WHAT YOU SHOULD DO
Write out, word for word and with no pictures, each line below from the one containing "Вид сверху китайская" through the one containing "Star Wars starring", both included, and no other line.

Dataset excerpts

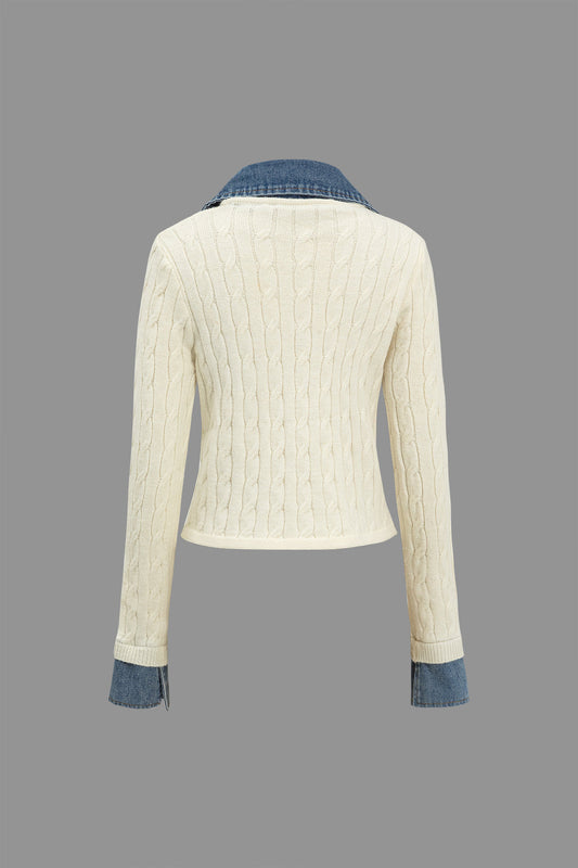 Örgü Denim Gömlek Yaka Uzun Kollu Üst
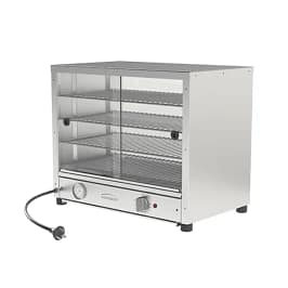 A: It features a mechanical thermostat to control temperature between 70°C – 80°C, ensuring food remains in the safe holding zone. The toughened glass and double-skinned cabinet also provide a hygienic environment.
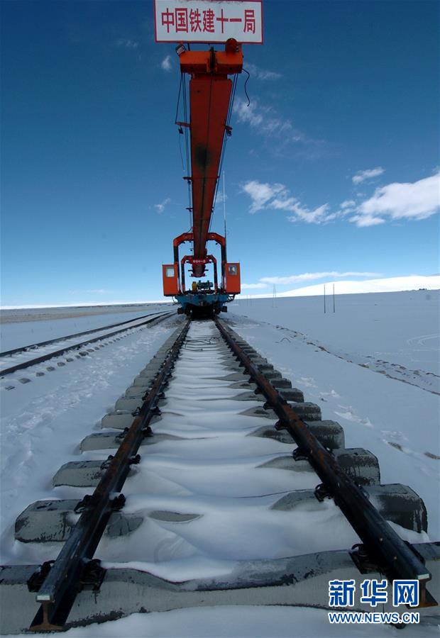 青藏鐵路在鋪軌建設中(2004年11月19日攝)。新華社記者覺果攝
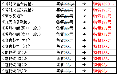 ►百寶閣特價商品: (販售時間2021/6/24 維護後 ~2021/7/1 維護前)
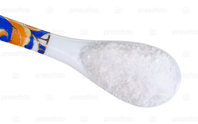 Вид сверху китайская ложка с мелкой морской солью крупным планом
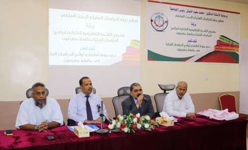 مؤكداً أن عدد البرامج الحالية 46 برنامجًا، وتم استحداث برنامجين للدكتوراه، وربط البرامج الجديدة بالجودة. وقال إن جامعة حضرموت لديها نظام جودة داخلي، وقد بدأت بترسيخ النظم واللوائح لهذه البرامج لمواكبة التطورات في مختلف المجالات، وذكر أن وزارة التعليم العالي والبحث العلمي تدرس حاليًّا تعميم نظام الجودة على بقية الجامعات اليمنية الأخرى، مشيراً إلى أن جامعة حضرموت تفتخر بما حققته من نجاح وتقدم على مستوى البرامج العلمية وبعض الامتيازات التي انفردت بها عن غيرها من الجامعات الأخرى، داعيًا المشاركين في الورشة إلى مناقشة هذا المشروع والخروج بنتائج وتوصيات لتطوير جودة برامج الدراسات العليا بالجامعة .
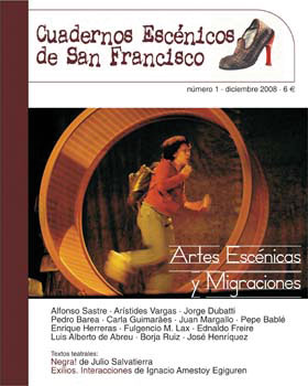 Este primer ejemplar está coordinado por Carlos Gil Zamora, cuenta con artículos de Alfonso Sastre “Emigrar. El teatro como viaje”, Pedro Barea ‘Huellas de la “Comedia dell’Arte” en el teatro español del siglo XX: el sentimiento de una migración cultural’, José Henríquez ‘Migrantes, héroes, hermanos de Aquiles. Angélica Lidell: “Sólo nos queda contabilizar a los muertos”’, Jorge Dubatti ‘Teatro comparado, cartografía teatral’, Fulgencio M. Lax ‘Ombasi, la mirada del otro’, Enrique Herreras ‘Las migraciones teatrales, y las otras’, Luis Alberto Abreu ‘O paradoxo do migrante’, Pepe Bablé ‘Lo mestizo como herramienta de hacer futuro’, Carla Guimarães ‘La inmigración va al teatro’, Juan Margallo ‘De gira por Europa (notas de vuelapluma de las giras por la emigración con el grupo (”Tábano”)’, Borja Ruiz ‘Pequeñas migraciones, grandes influjos’ y Ednaldo Freire ‘Borandá un mergulho na experiência migratória’.
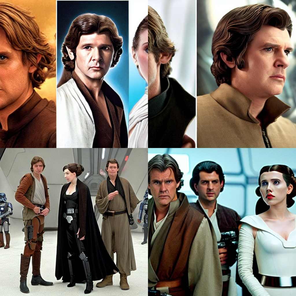 Star Wars starring Rupert Everett as Luke Skywalker, Ben Schwartz as Han Solo, and Scarlett Johansson as Princess Leia Organa
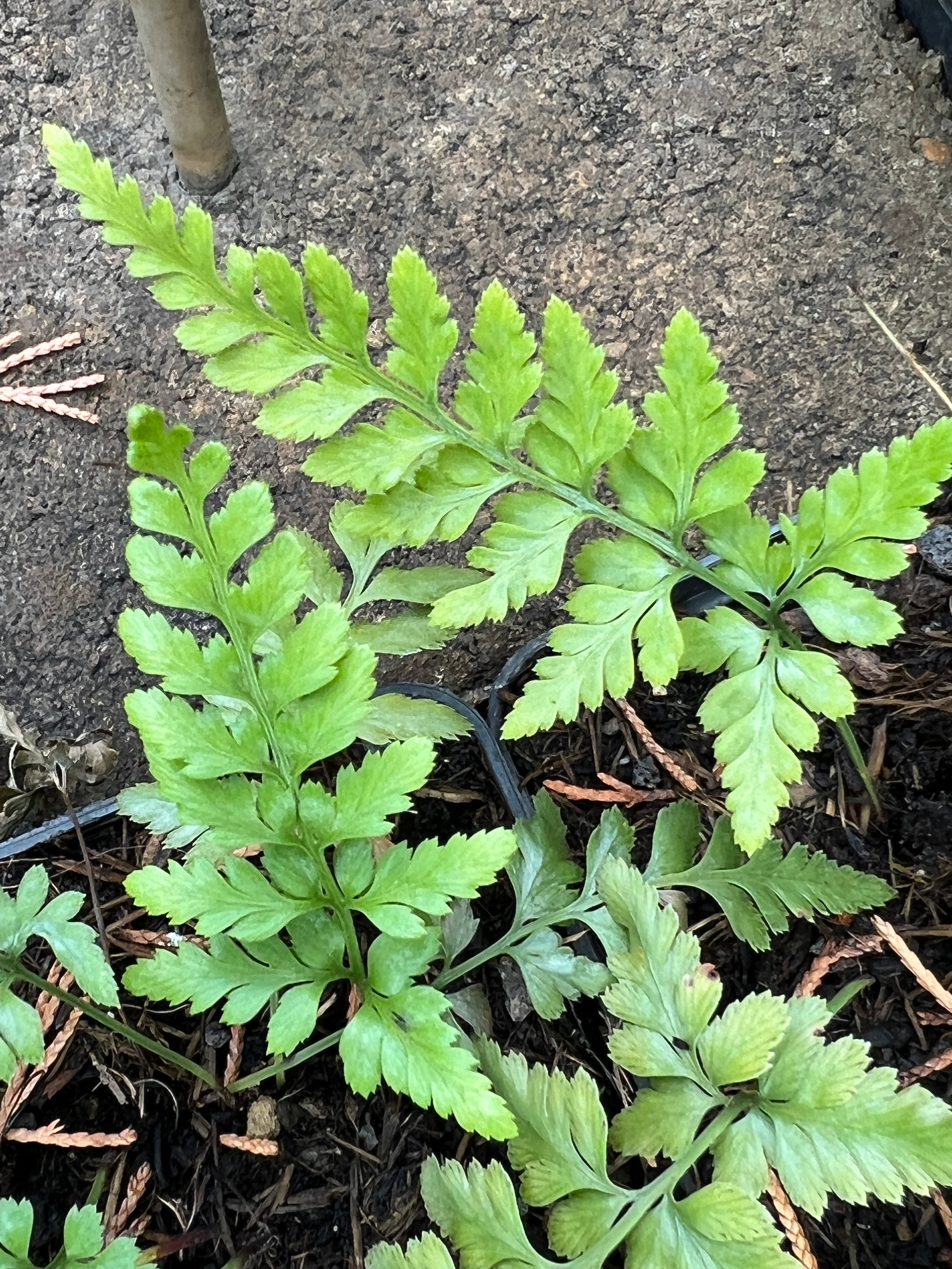 Fiederchen länglich eiförmig, spitz oder stumpflich gezähnt. Wedelstiele am Grund glänzend schwarz. Zwei- bis dreifach gefiederte Wedel. Diese sind 10 bis 30 cm lang. Blattstiele so lang oder länger wie die Spreite, oft bis zur Spreite schwarzbraun. Gilt als gefährdete Art.
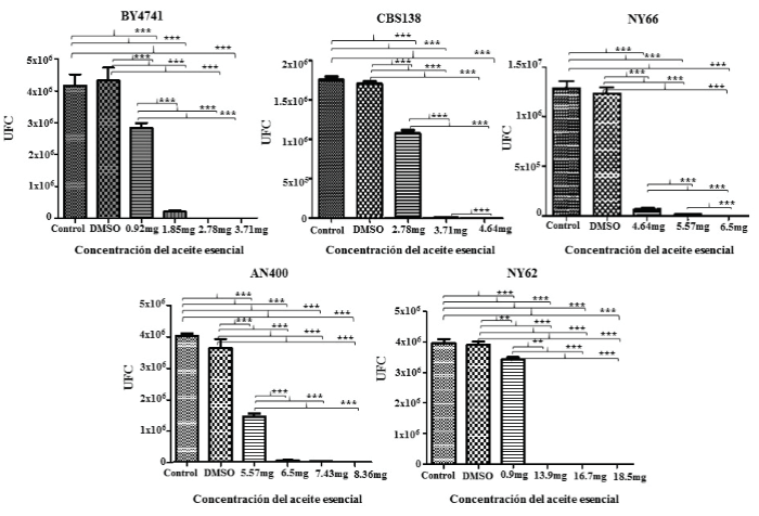 Los análisis estadísticos indican que entre el control sin diluyente y el que tenía DMSO al 1.25 % no hay una diferencia estadísticamente significativa, por lo cual, el diluyente no afecta el crecimiento de las células. Un dato importante es que en todas las cepas hubo diferencia entre los controles y las concentraciones de aceite esencial de C. mexicana probados. Aunque para la cepa de S. cerevisiae, el aislado NY66 y el aislado NY62, la segunda concentración utilizada, ya no muestra diferencias estadísticas respecto a la concentración anterior probada (Figura 4).

EXPECTED ANSWER
 Вид сверху китайская ложка с мелкой морской солью крупным планом
 مؤكداً أن عدد البرامج الحالية 46 برنامجًا، وتم استحداث برنامجين للدكتوراه، وربط البرامج الجديدة بالجودة. وقال إن جامعة حضرموت لديها نظام جودة داخلي، وقد بدأت بترسيخ النظم واللوائح لهذه البرامج لمواكبة التطورات في مختلف المجالات، وذكر أن وزارة التعليم العالي والبحث العلمي تدرس حاليًّا تعميم نظام الجودة على بقية الجامعات اليمنية الأخرى، مشيراً إلى أن جامعة حضرموت تفتخر بما حققته من نجاح وتقدم على مستوى البرامج العلمية وبعض الامتيازات التي انفردت بها عن غيرها من الجامعات الأخرى، داعيًا المشاركين في الورشة إلى مناقشة هذا المشروع والخروج بنتائج وتوصيات لتطوير جودة برامج الدراسات العليا بالجامعة .
 Este primer ejemplar está coordinado por Carlos Gil Zamora, cuenta con artículos de Alfonso Sastre “Emigrar. El teatro como viaje”, Pedro Barea ‘Huellas de la “Comedia dell’Arte” en el teatro español del siglo XX: el sentimiento de una migración cultural’, José Henríquez ‘Migrantes, héroes, hermanos de Aquiles. Angélica Lidell: “Sólo nos queda contabilizar a los muertos”’, Jorge Dubatti ‘Teatro comparado, cartografía teatral’, Fulgencio M. Lax ‘Ombasi, la mirada del otro’, Enrique Herreras ‘Las migraciones teatrales, y las otras’, Luis Alberto Abreu ‘O paradoxo do migrante’, Pepe Bablé ‘Lo mestizo como herramienta de hacer futuro’, Carla Guimarães ‘La inmigración va al teatro’, Juan Margallo ‘De gira por Europa (notas de vuelapluma de las giras por la emigración con el grupo (”Tábano”)’, Borja Ruiz ‘Pequeñas migraciones, grandes influjos’ y Ednaldo Freire ‘Borandá un mergulho na experiência migratória’.
 Star Wars starring Rupert Everett as Luke Skywalker, Ben Schwartz as Han Solo, and Scarlett Johansson as Princess Leia Organa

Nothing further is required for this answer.